### Source records ###

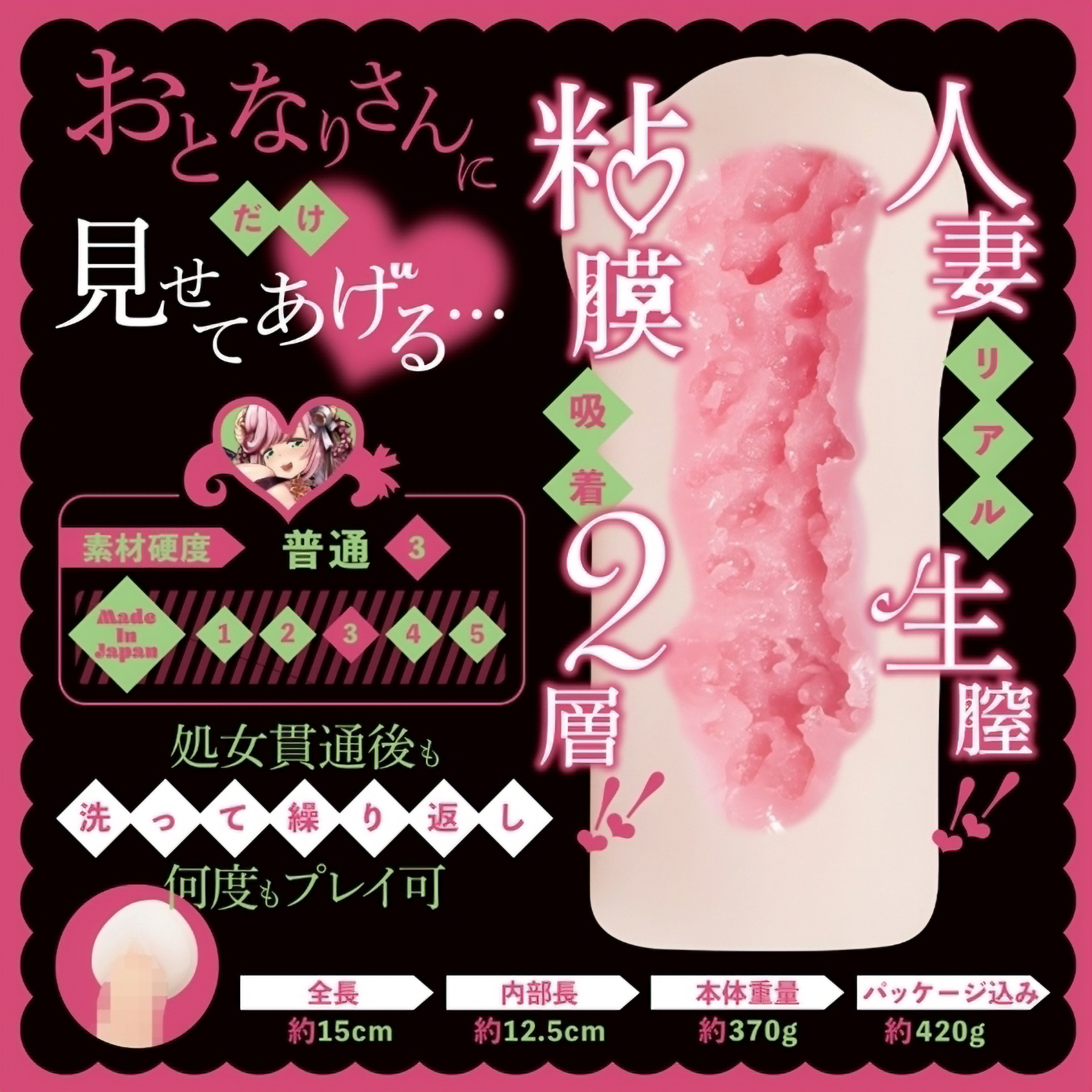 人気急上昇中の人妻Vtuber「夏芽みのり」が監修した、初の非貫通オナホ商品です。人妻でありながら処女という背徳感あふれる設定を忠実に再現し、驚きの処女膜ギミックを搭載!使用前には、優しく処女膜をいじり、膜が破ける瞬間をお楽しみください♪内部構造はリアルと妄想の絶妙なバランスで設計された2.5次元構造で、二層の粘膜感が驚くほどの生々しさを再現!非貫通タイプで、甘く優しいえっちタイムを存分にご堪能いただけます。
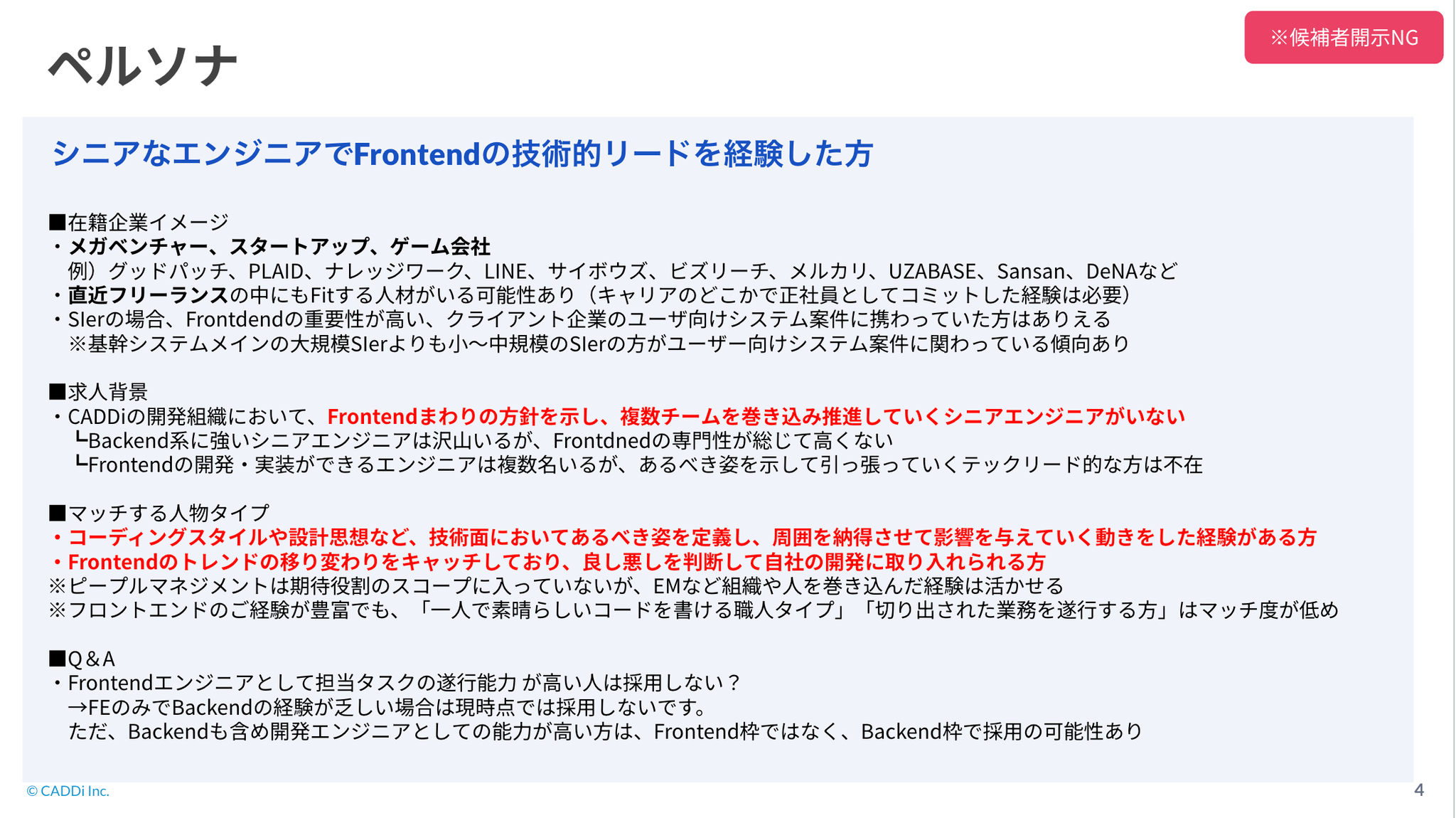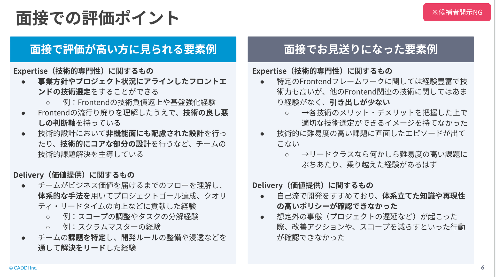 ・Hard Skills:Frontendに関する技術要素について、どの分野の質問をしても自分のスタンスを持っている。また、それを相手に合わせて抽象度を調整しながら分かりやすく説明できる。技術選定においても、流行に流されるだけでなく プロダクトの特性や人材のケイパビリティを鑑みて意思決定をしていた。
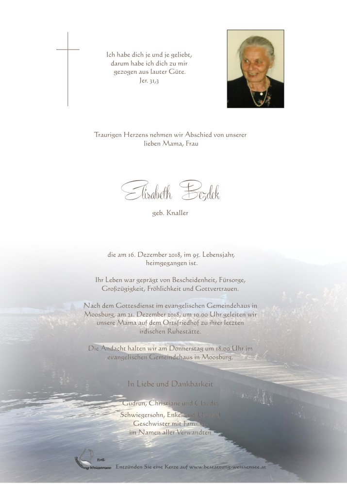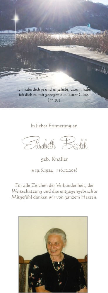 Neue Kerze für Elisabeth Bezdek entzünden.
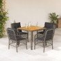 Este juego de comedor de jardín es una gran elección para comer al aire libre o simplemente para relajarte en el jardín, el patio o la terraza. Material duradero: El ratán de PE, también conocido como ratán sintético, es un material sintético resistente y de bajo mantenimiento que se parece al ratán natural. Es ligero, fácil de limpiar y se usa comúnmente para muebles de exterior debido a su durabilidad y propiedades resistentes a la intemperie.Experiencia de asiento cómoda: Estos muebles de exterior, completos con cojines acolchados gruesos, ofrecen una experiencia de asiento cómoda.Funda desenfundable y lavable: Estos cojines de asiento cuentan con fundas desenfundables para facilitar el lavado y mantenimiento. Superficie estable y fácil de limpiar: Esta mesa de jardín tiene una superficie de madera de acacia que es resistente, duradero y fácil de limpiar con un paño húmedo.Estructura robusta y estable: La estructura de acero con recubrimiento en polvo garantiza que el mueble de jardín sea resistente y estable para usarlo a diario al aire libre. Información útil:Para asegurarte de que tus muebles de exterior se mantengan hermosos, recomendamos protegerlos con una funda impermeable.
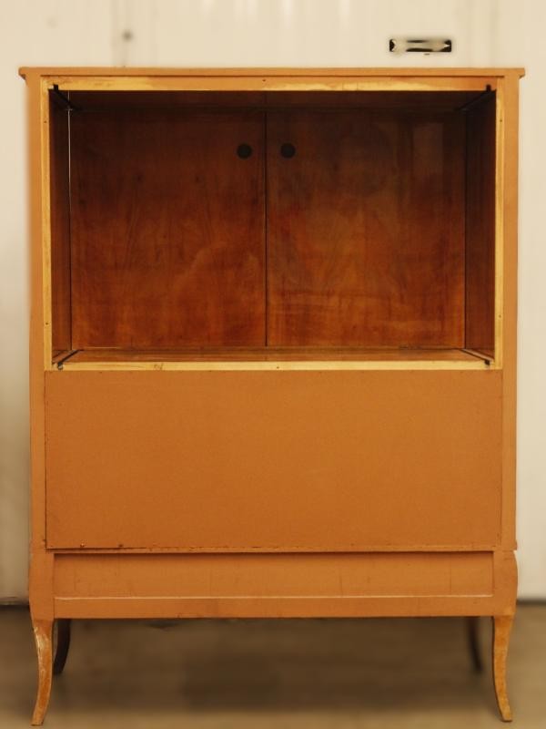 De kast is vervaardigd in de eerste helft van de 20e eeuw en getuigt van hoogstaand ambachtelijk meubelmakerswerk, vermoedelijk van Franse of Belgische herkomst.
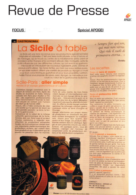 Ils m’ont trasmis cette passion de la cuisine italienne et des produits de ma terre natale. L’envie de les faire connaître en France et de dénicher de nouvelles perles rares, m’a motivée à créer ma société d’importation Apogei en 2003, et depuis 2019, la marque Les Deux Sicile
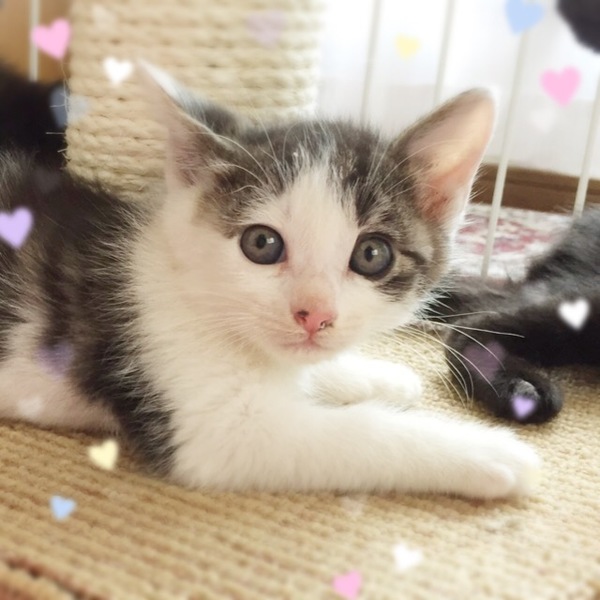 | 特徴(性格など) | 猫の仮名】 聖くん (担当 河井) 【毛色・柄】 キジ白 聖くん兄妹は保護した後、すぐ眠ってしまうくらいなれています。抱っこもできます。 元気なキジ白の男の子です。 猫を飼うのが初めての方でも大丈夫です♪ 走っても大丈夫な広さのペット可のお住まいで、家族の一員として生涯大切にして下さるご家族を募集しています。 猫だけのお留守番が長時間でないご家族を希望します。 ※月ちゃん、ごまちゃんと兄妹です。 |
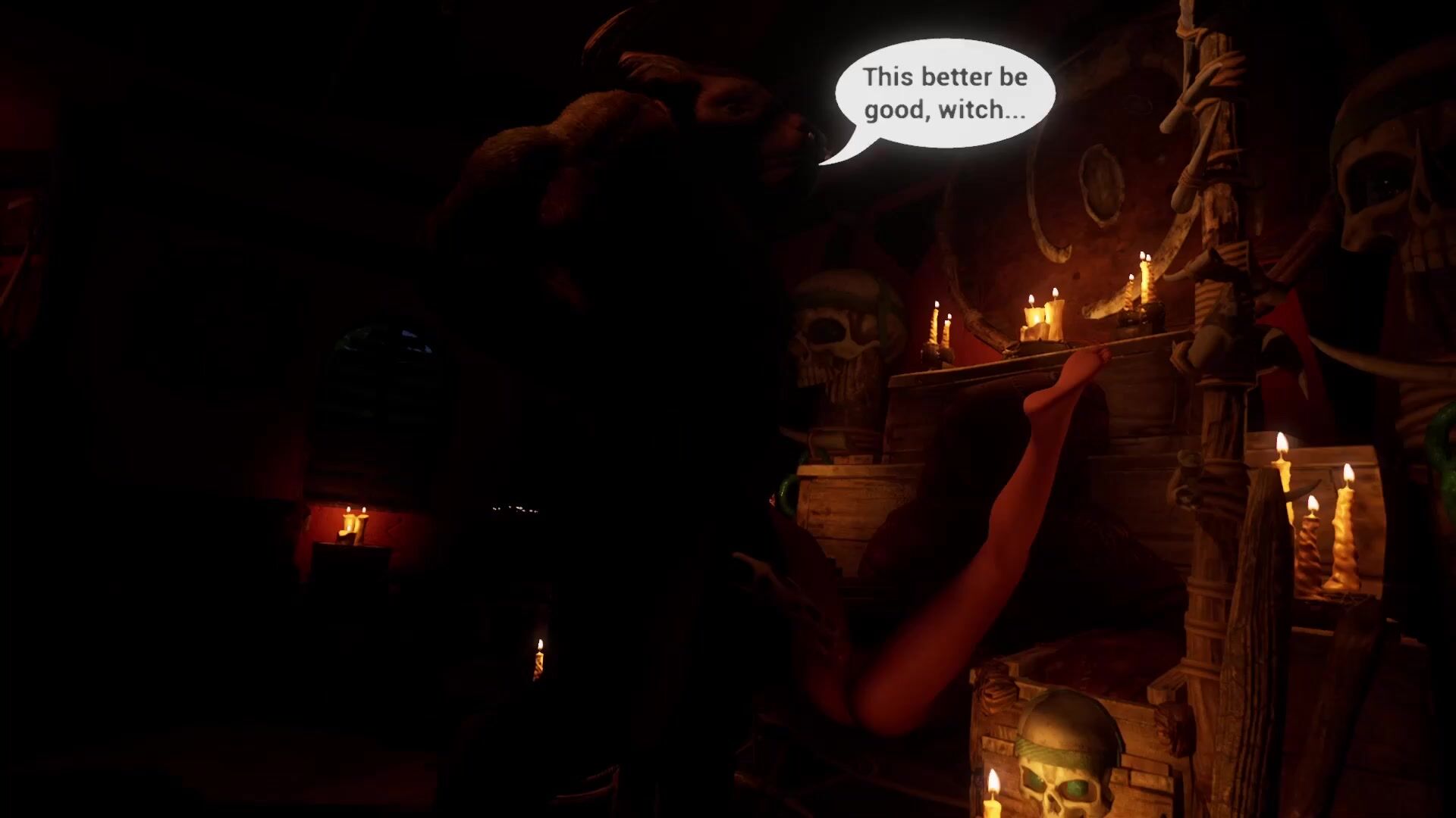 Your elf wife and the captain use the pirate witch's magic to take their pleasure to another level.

###

▶ Problem to solve:
For this exercise, transcribe the data exactly but without its pictures.

▶ Exercise response:
 人気急上昇中の人妻Vtuber「夏芽みのり」が監修した、初の非貫通オナホ商品です。人妻でありながら処女という背徳感あふれる設定を忠実に再現し、驚きの処女膜ギミックを搭載!使用前には、優しく処女膜をいじり、膜が破ける瞬間をお楽しみください♪内部構造はリアルと妄想の絶妙なバランスで設計された2.5次元構造で、二層の粘膜感が驚くほどの生々しさを再現!非貫通タイプで、甘く優しいえっちタイムを存分にご堪能いただけます。
 ・Hard Skills:Frontendに関する技術要素について、どの分野の質問をしても自分のスタンスを持っている。また、それを相手に合わせて抽象度を調整しながら分かりやすく説明できる。技術選定においても、流行に流されるだけでなく プロダクトの特性や人材のケイパビリティを鑑みて意思決定をしていた。
 Neue Kerze für Elisabeth Bezdek entzünden.
 Este juego de comedor de jardín es una gran elección para comer al aire libre o simplemente para relajarte en el jardín, el patio o la terraza. Material duradero: El ratán de PE, también conocido como ratán sintético, es un material sintético resistente y de bajo mantenimiento que se parece al ratán natural. Es ligero, fácil de limpiar y se usa comúnmente para muebles de exterior debido a su durabilidad y propiedades resistentes a la intemperie.Experiencia de asiento cómoda: Estos muebles de exterior, completos con cojines acolchados gruesos, ofrecen una experiencia de asiento cómoda.Funda desenfundable y lavable: Estos cojines de asiento cuentan con fundas desenfundables para facilitar el lavado y mantenimiento. Superficie estable y fácil de limpiar: Esta mesa de jardín tiene una superficie de madera de acacia que es resistente, duradero y fácil de limpiar con un paño húmedo.Estructura robusta y estable: La estructura de acero con recubrimiento en polvo garantiza que el mueble de jardín sea resistente y estable para usarlo a diario al aire libre. Información útil:Para asegurarte de que tus muebles de exterior se mantengan hermosos, recomendamos protegerlos con una funda impermeable.
 De kast is vervaardigd in de eerste helft van de 20e eeuw en getuigt van hoogstaand ambachtelijk meubelmakerswerk, vermoedelijk van Franse of Belgische herkomst.
 Ils m’ont trasmis cette passion de la cuisine italienne et des produits de ma terre natale. L’envie de les faire connaître en France et de dénicher de nouvelles perles rares, m’a motivée à créer ma société d’importation Apogei en 2003, et depuis 2019, la marque Les Deux Sicile
 | 特徴(性格など) | 猫の仮名】 聖くん (担当 河井) 【毛色・柄】 キジ白 聖くん兄妹は保護した後、すぐ眠ってしまうくらいなれています。抱っこもできます。 元気なキジ白の男の子です。 猫を飼うのが初めての方でも大丈夫です♪ 走っても大丈夫な広さのペット可のお住まいで、家族の一員として生涯大切にして下さるご家族を募集しています。 猫だけのお留守番が長時間でないご家族を希望します。 ※月ちゃん、ごまちゃんと兄妹です。 |
 Your elf wife and the captain use the pirate witch's magic to take their pleasure to another level.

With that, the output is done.